Blaine city officials are still trying to figure out exactly what led to the water outage.

City residents noticed a drop in water pressure starting around 8 a.m. on Sunday. Thousands of homes and businesses in the area lost service completely for a couple of hours. After it was restored, the city issued an order for residents to boil water the for 24 hours as a precaution. That order was lifted late on Monday afternoon.

Schools in the area were closed Monday, including Blaine High School, Roosevelt Middle School and a number of elementary schools.

When the water pressure drops below a certain point, the state advises that people boil their water, said Stew Thornley, health educator with the drinking water program at the Minnesota Department of Health.

It's a precaution in case coliform bacteria or other organisms somehow get into the system.

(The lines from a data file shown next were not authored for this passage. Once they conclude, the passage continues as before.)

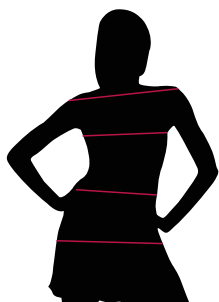
TABELLE TAGLIE E CORRISPONDENZE
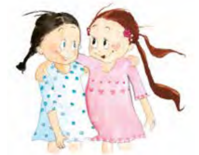
Princesse copine-en-chef page 61
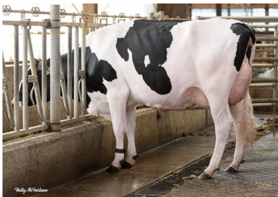
WESTCOAST MAHOMES SKY 12669 DAUGHTER

STANTONS ELDORADO PROGENESIS MILKTIME MIRAGE STE ODILE MILKTIME PROGENESIS MODESTY MISSILE GP-81-2YR-USA 2* BACON-HILL PETY MODESTY OCD DELTA MISSY EX-93-5YR-CAN 6*

"It's probably not a high possibility, but from the Department of Health standpoint, we want to make sure that no one gets sick," Thornley said.

The agency records only a handful of water boil orders each year at some of the nearly 7,000 water systems in the state. The majority of those are due to mechanical failure of some sort.

Blaine city officials said originally that the water system's failure was likely due to a software error. But the city and state are investigating exactly what could have caused Sunday's incident.

"The city responded well, they called the state duty officer, who called our on-call engineer, who was able, even on a Sunday, to be working with the city," Thornley said. "It's a big inconvenience but we'd rather put people through that than getting sick."

The Minnesota Department of Health conducts regular testing of drinking water systems across the state.

The city of Blaine's groundwater comes from 16 wells that range from 228 to 741 feet deep, according to the city's annual water report released last year. That report found that no contaminants were found in city waters at levels higher than federal drinking water standards.

Blaine is a city in the northern Twin Cities suburbs, with about 64,000 residents.